Your assignment: Given the records underneath, please repeat exactly the lines from the line with "The perfect zip" through the line with "Due studi a", passing over any picture.

Recorded information:
# # # # # # #

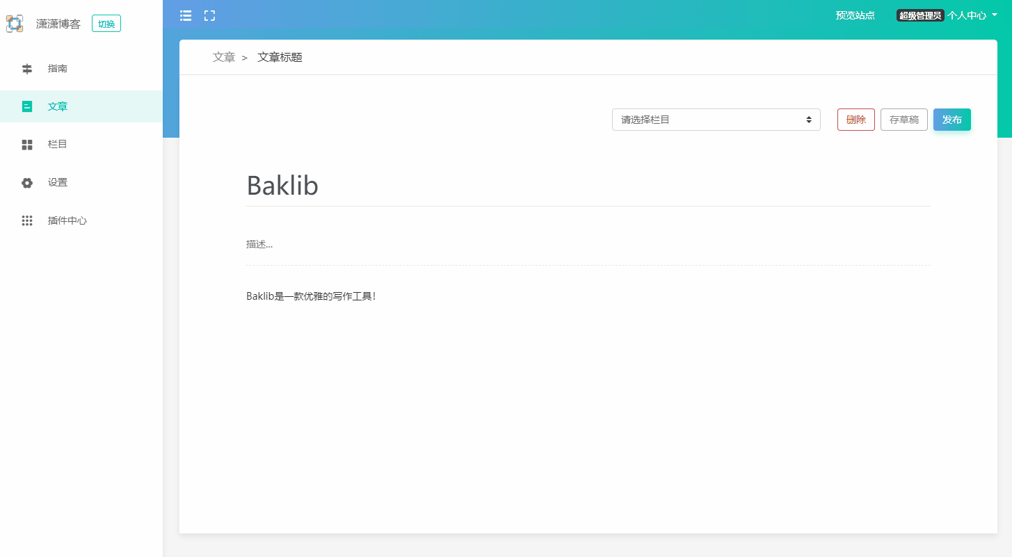 此次更新Baklib优化了文章的发布操作,将原先文章编辑左上角的状态框给移除。将右上角的“保存”按钮细化成“保存为草稿”和“发布”!
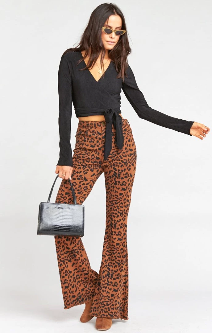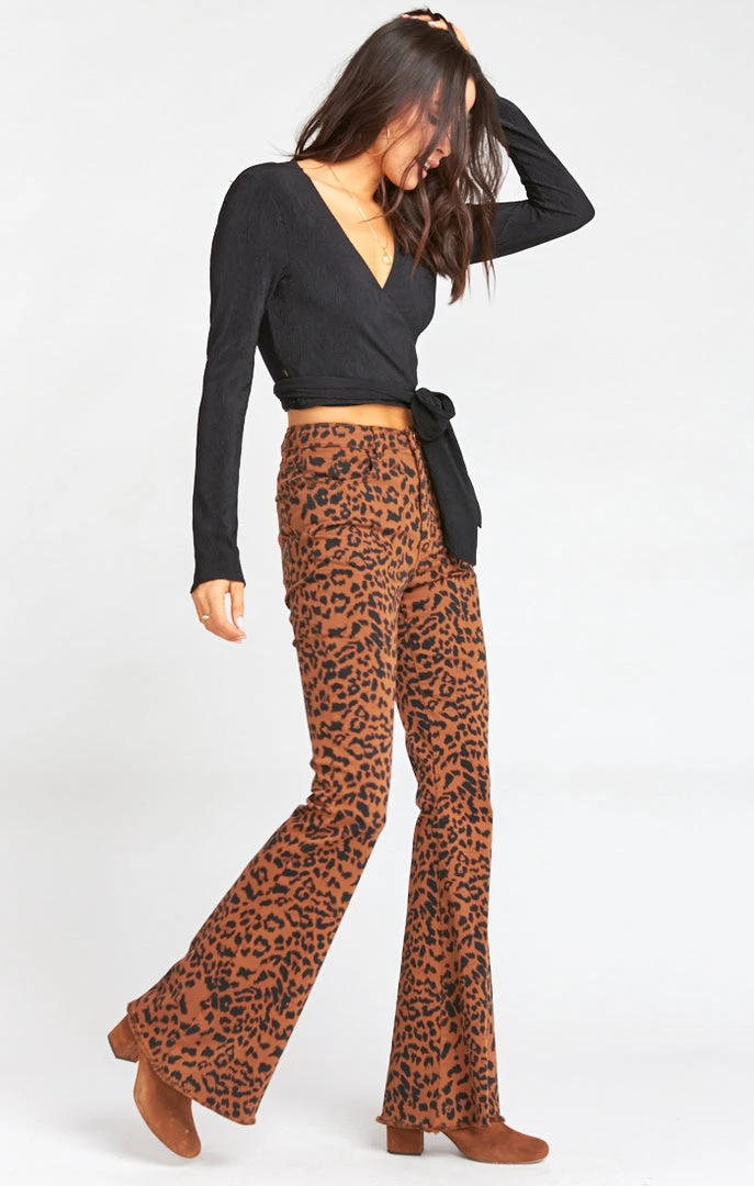 The perfect zip up bells. These leopard bell bottoms feature a high rise waist, zip up closure, two front pockets and the perfect amount of flare. Feel like a true animal print queen in these perfect flattering bells!
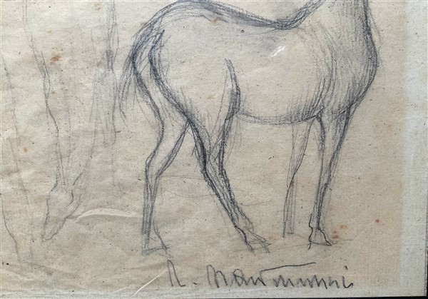 Due studi a matita su carta raffiguranti cavalli e uomini assisi, firmati in basso a destra (misure diverse, h max cm 21.5) in cornici. (difetti)
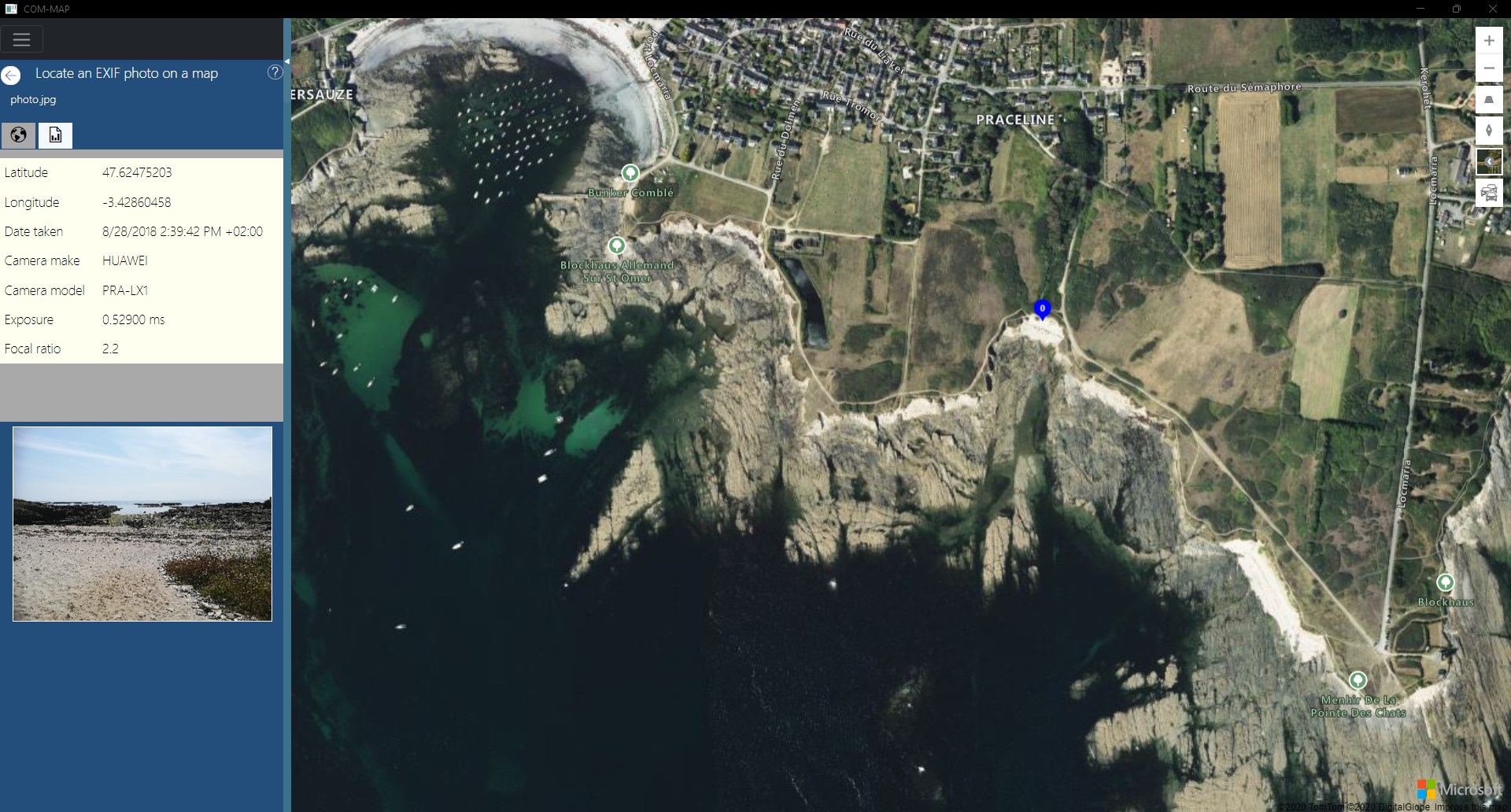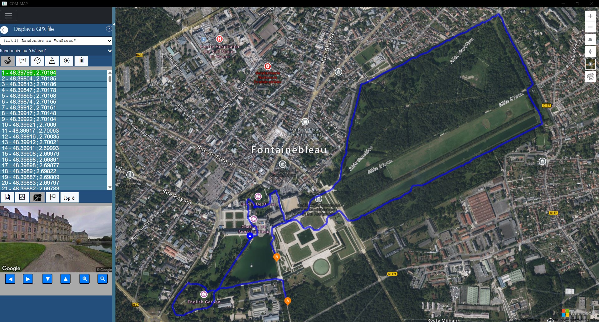 Optimize the itinerariesVisualize the itineraries on "Azure Maps ©" mapsSearch POI around an address (via "Google ©", "Azure Maps ©" or "OpenStreetMap ©")Search the traffic problems, in real time, on your itinerariesManagement of vehicles, their consumption, and their carbon footprintsExport the itineraries in text, GPX, KML or WAV filesDisplay an itinerary from a GPX or KML fileDisplay points of interest from a CSV file (Garmin © or Navman ©)Localization of JPEG image having EXIF GPS dataChoice between metric system and imperial systemConverting file formats between GPX and KMLStreet View © imagesExploration of the countries providing information (capital, number of inhabitants, surface, ...)Find POIs (Azure Maps ©) along a calculated routeSearch Wikipedia © articles, Flickr © images and Tripadvisor © sites near an addressImport/export GPX and KML files from/to OneDrive ©Locating IP on a mapHiking, cycling and wheelchair route calculationGeotag a photo (EXIF GPS)UNESCO © World Heritage Sites
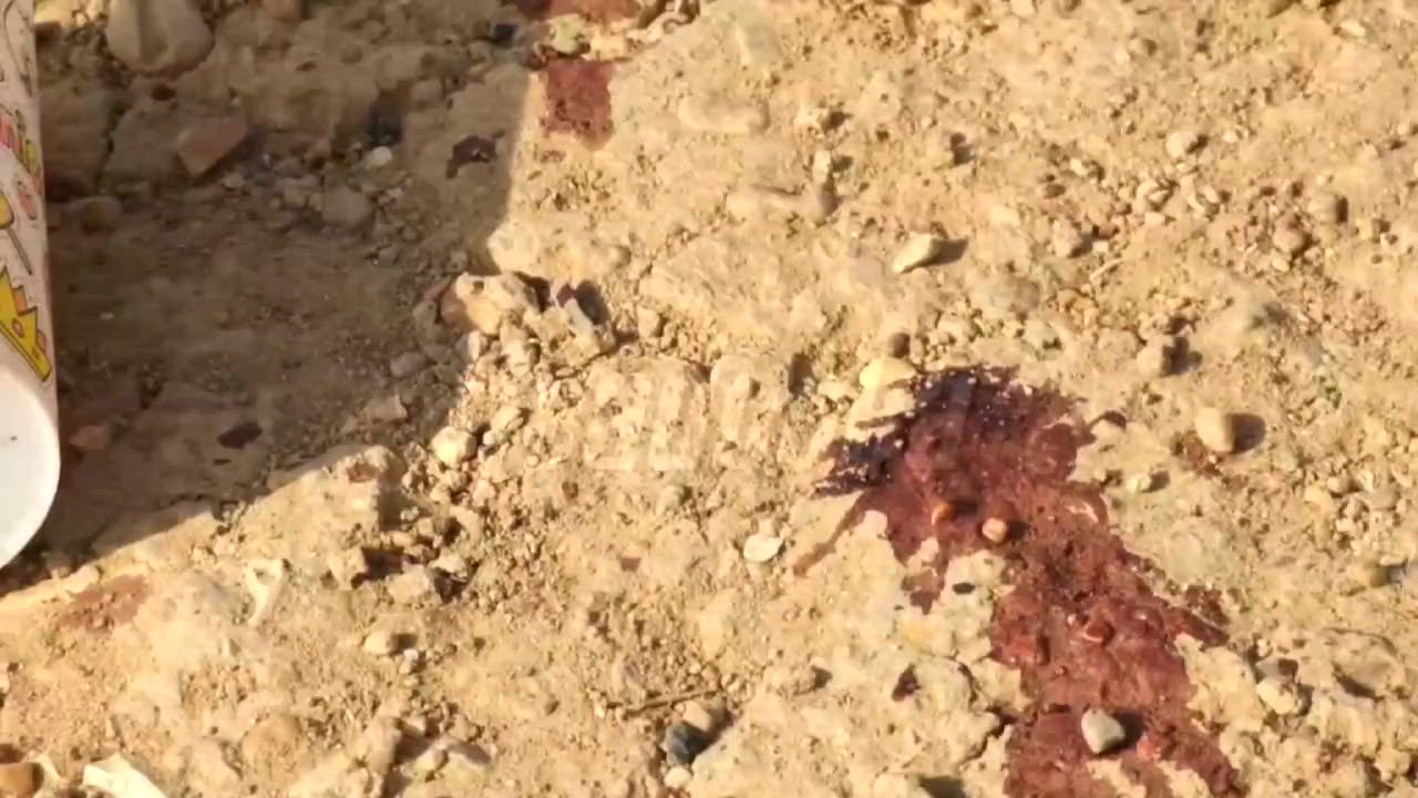 Bloodstains and scattered belongings of tourists are visible at the scene of the tragedy.
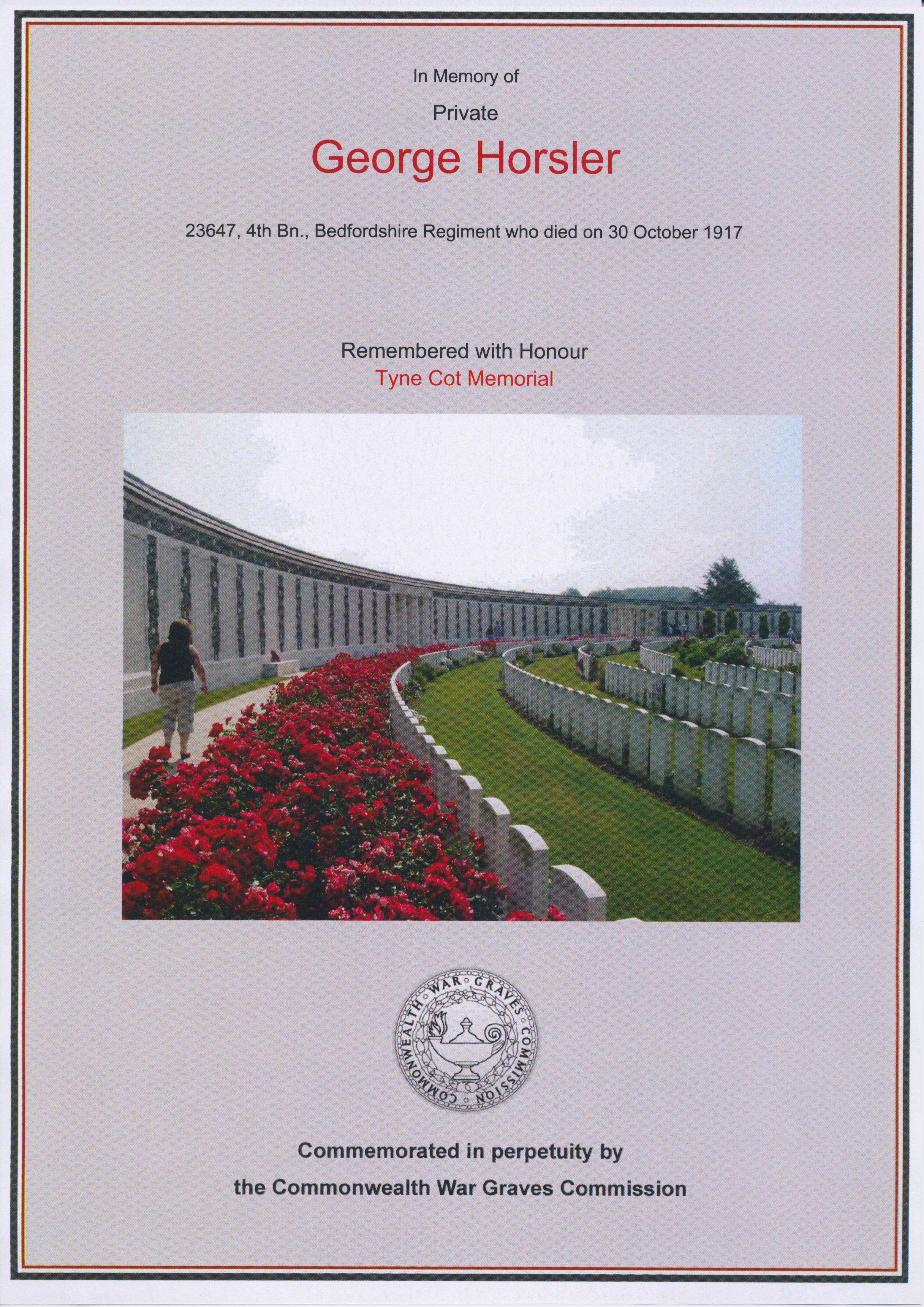 George was killed at Passchendaele in October 1917. He has no known grave and is remembered on the Tyne Cot Memorial near Ypres in Belgium. He is also named on the Sundon Village memorial in Bedfordshire.

# # # # # # #

Written answer:
 The perfect zip up bells. These leopard bell bottoms feature a high rise waist, zip up closure, two front pockets and the perfect amount of flare. Feel like a true animal print queen in these perfect flattering bells!
 Due studi a matita su carta raffiguranti cavalli e uomini assisi, firmati in basso a destra (misure diverse, h max cm 21.5) in cornici. (difetti)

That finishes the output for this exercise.